Suara dari Daerah: Riau dan Daerah Penghasil Lain Mengusung Semangat Kelapa Sawit
IOPS Forum 2026 hanya akan bermakna bila suara daerah penghasil kelapa sawit hadir kuat. Ketua DPW APKASINDO Provinsi Riau, Haji Suher, sudah menyatakan kesiapan hadir langsung ke IKN sebagai bagian dari komitmen memperkuat posisi petani kelapa sawit, tidak hanya di dalam negeri tetapi juga di tingkat global. Riau, yang disebut sebagai salah satu provinsi dengan areal perkebunan kelapa sawit yang luas, menuntut agar kepentingan petani daerah ini menjadi bagian tak terpisahkan dari agenda perjuangan APKASINDO. Pernyataan bahwa “APKASINDO adalah rumah petani sawit” dikutip Suher sebagai pengingat bahwa organisasi petani wajib memberi manfaat nyata bagi anggota. Delegasi dari berbagai provinsi lain, termasuk daerah penghasil seperti Kepulauan Bangka Belitung, diharapkan membawa cerita lapangan yang konkret: soal harga TBS, akses pabrik, sertifikasi keberlanjutan, hingga ketimpangan dalam rantai nilai. Tanpa narasi lokal yang jujur, WCOPS berisiko menjadi aliansi yang bagus di atas kertas namun tumpul di akar rumput.
Dari Diskusi ke Aksi: Tantangan Mewujudkan Sinergi Regional dan Global
Rangkaian IOPS Forum 2026 menunjukkan kesadaran bahwa sinergi petani sawit dunia tidak boleh berhenti di ruangan seminar. Setelah agenda utama pada 27 Agustus, forum dilanjutkan dengan kunjungan lapangan ke IKN, kebun petani sawit APKASINDO di Kalimantan Timur, dan pabrik kelapa sawit, agar peserta dapat melakukan check and balance antara diskusi dan realitas lapangan. Pada hari ketiga, peserta akan merekap hasil pembahasan dan merumuskan tindak lanjut. Di sinilah ujian sesungguhnya: apakah forum ini melahirkan langkah konkret untuk isu-isu strategis yang sudah disebut, seperti penguatan posisi petani, harga TBS, keberlanjutan, hilirisasi, transparansi, serta masa depan perkebunan sawit rakyat. Suher sendiri berharap IOPS Forum 2026 tidak berhenti sebagai pertemuan semata, tetapi benar-benar memperkuat posisi petani sawit dunia. Jika setelah forum tidak ada mekanisme tindak lanjut yang jelas, sinergi regional dan global akan kembali terpecah dalam rutinitas dan kepentingan jangka pendek.

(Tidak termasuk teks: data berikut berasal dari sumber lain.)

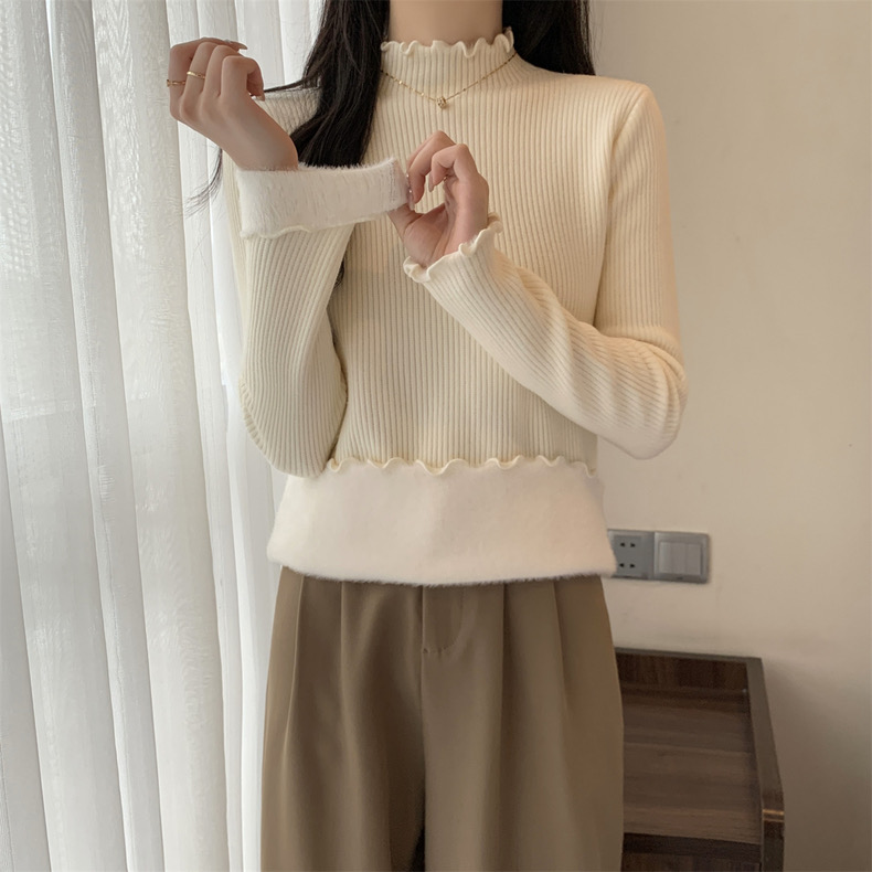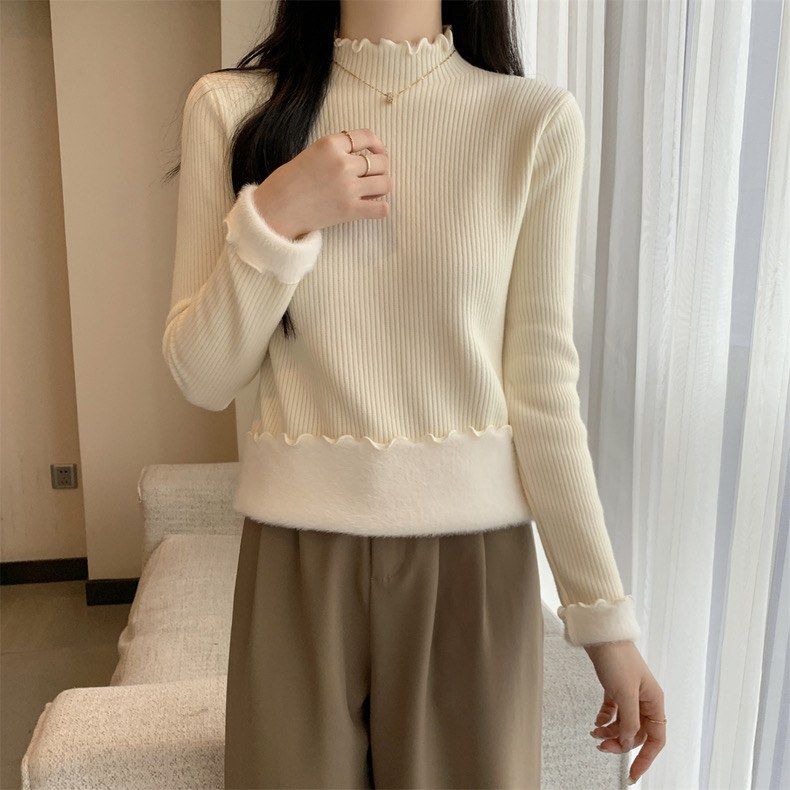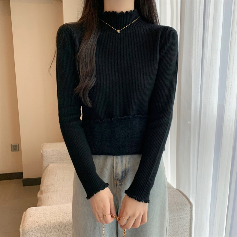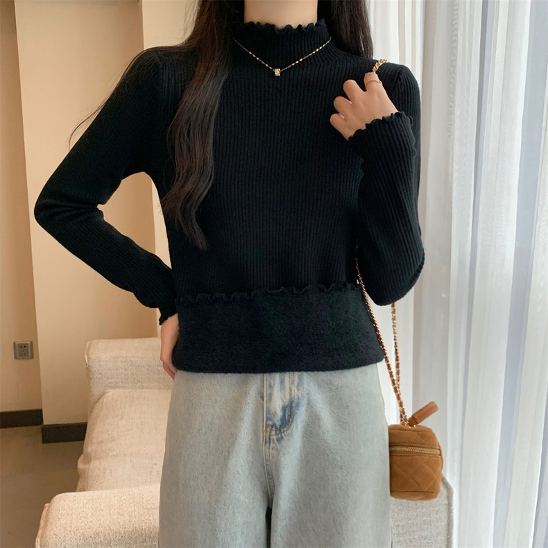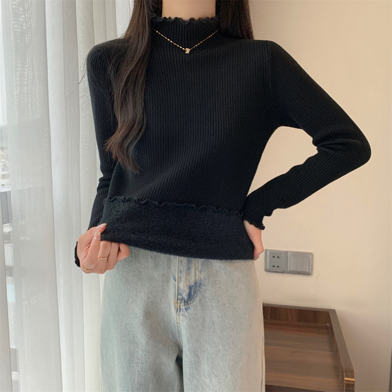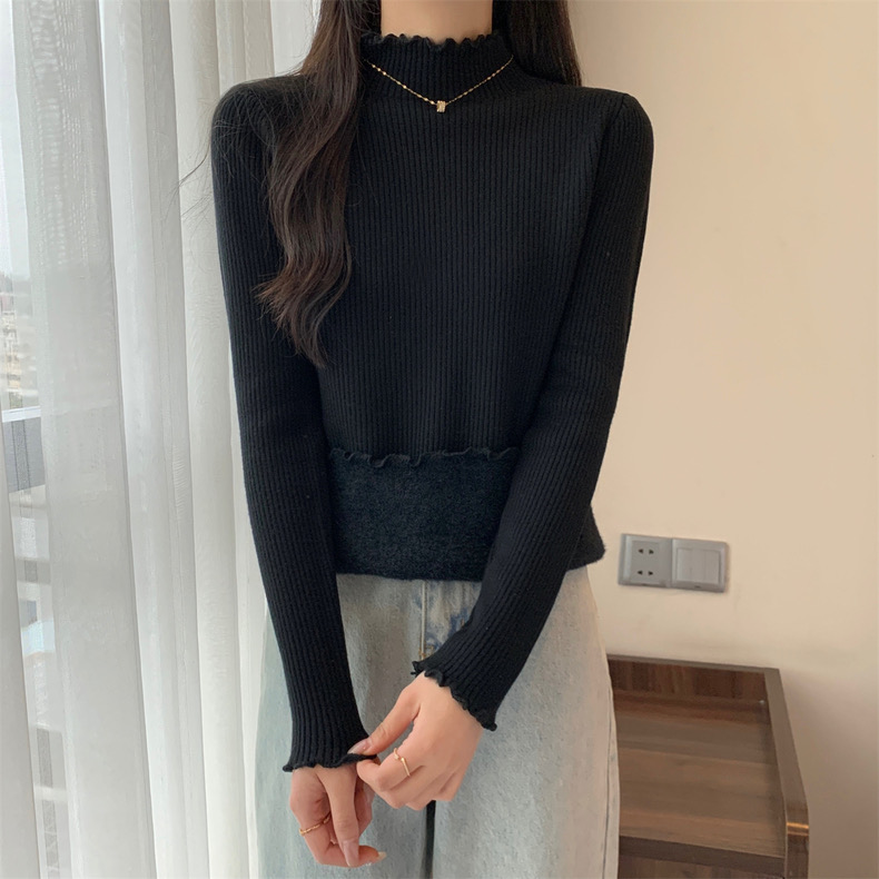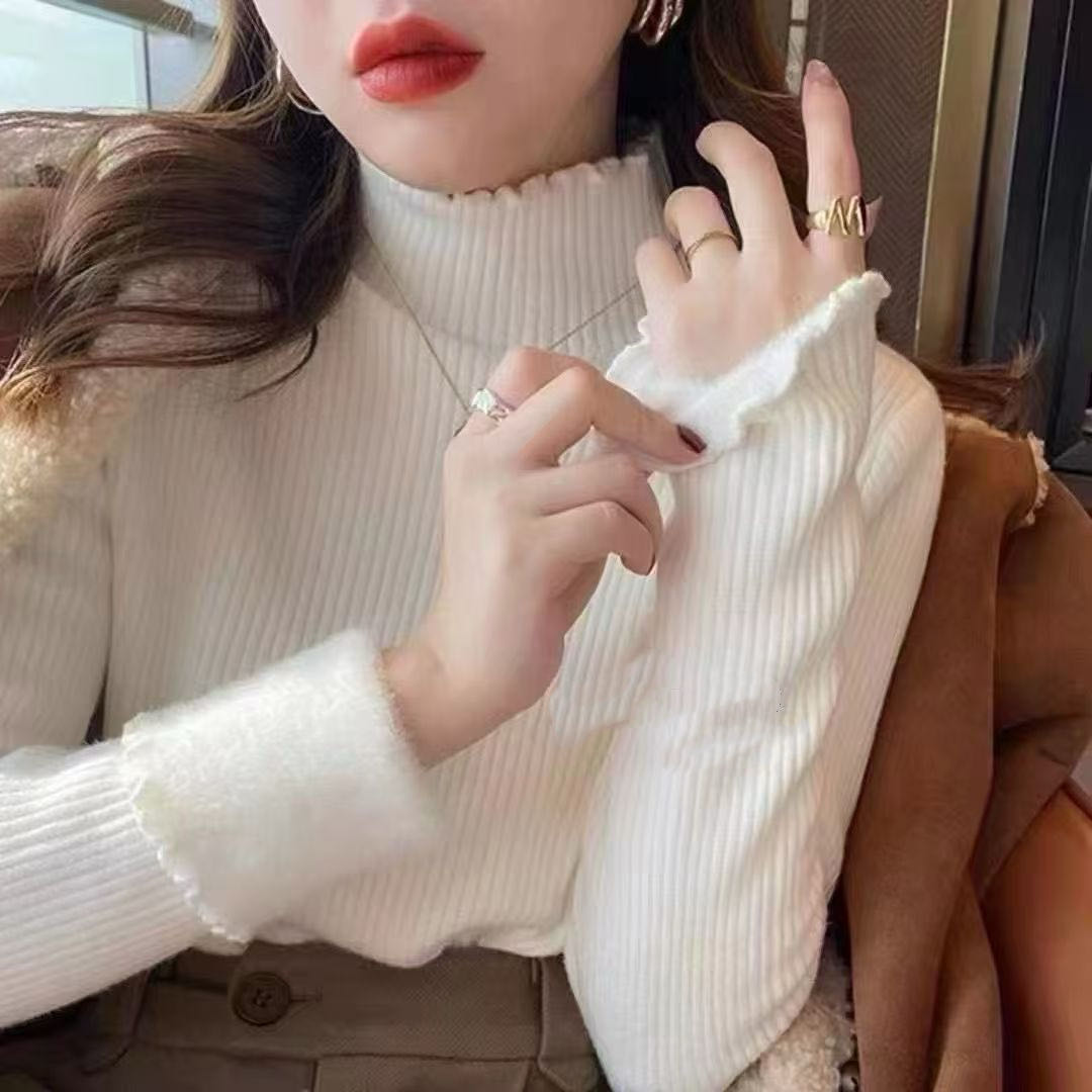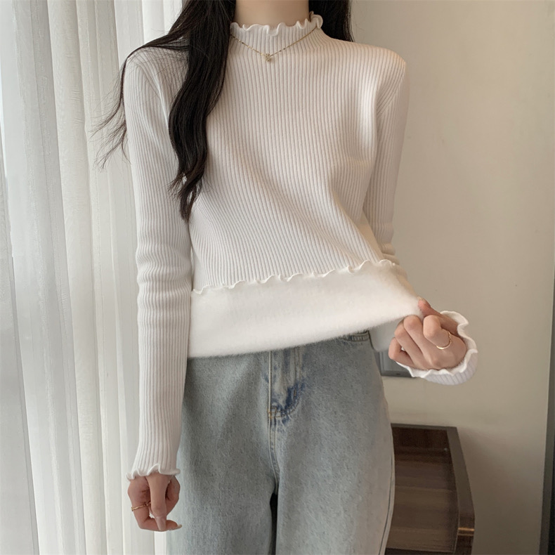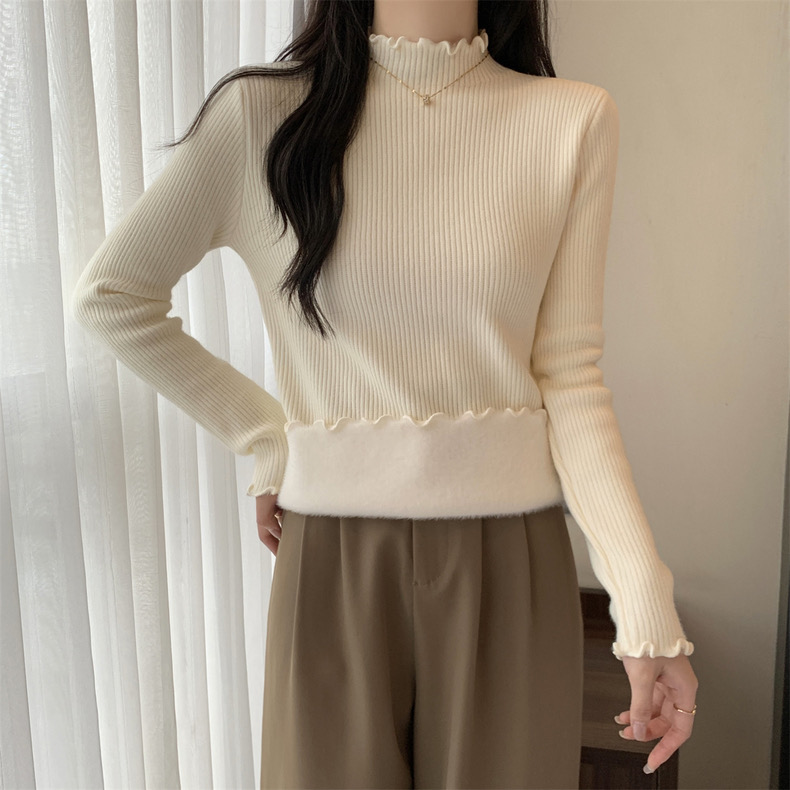 【GZ】无忧购法式木耳边半高领一体绒修身保暖针织打毛衣3340(截单后3-5天发货)
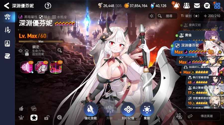 ▶適合新手、中手、小號,有完美開局多隻TOP光暗五星,不是資源玩爛的帳號,培養都往正確方向,多書籤跟天空石讓接下來抽合作角色都不是問題

Kesimpulan: Saatnya Petani Sawit Dunia Mengklaim Ruang Kuasa
Pada akhirnya, IOPS Forum 2026 di Ibu Kota Nusantara adalah ujian kedewasaan politik bagi petani sawit dunia. Dengan WCOPS sebagai aliansi petani global dan Joint Statement sebagai manifestonya, forum ini memberi kesempatan langka bagi petani kecil untuk mengklaim ruang kuasa dalam industri yang selama ini diatur dari atas. Seruan panitia agar petani berkumpul dan menyatukan semangat di IKN menandakan bahwa konsolidasi ini tidak boleh dipandang sebagai acara biasa. Kalimat “Sawit Indonesia, dunia menikmatinya” yang diucapkan Suher mengandung pesan tajam: selama dunia menikmati hasil kelapa sawit, petani tak boleh terus berada di posisi paling lemah. Momentum ini harus digunakan untuk membangun komunikasi substantif, memperkuat jaringan, dan menegosiasikan ulang pembagian manfaat dalam rantai industri kelapa sawit. Jika gagal, jutaan petani kecil akan kembali menjadi penonton dalam drama besar pasar global.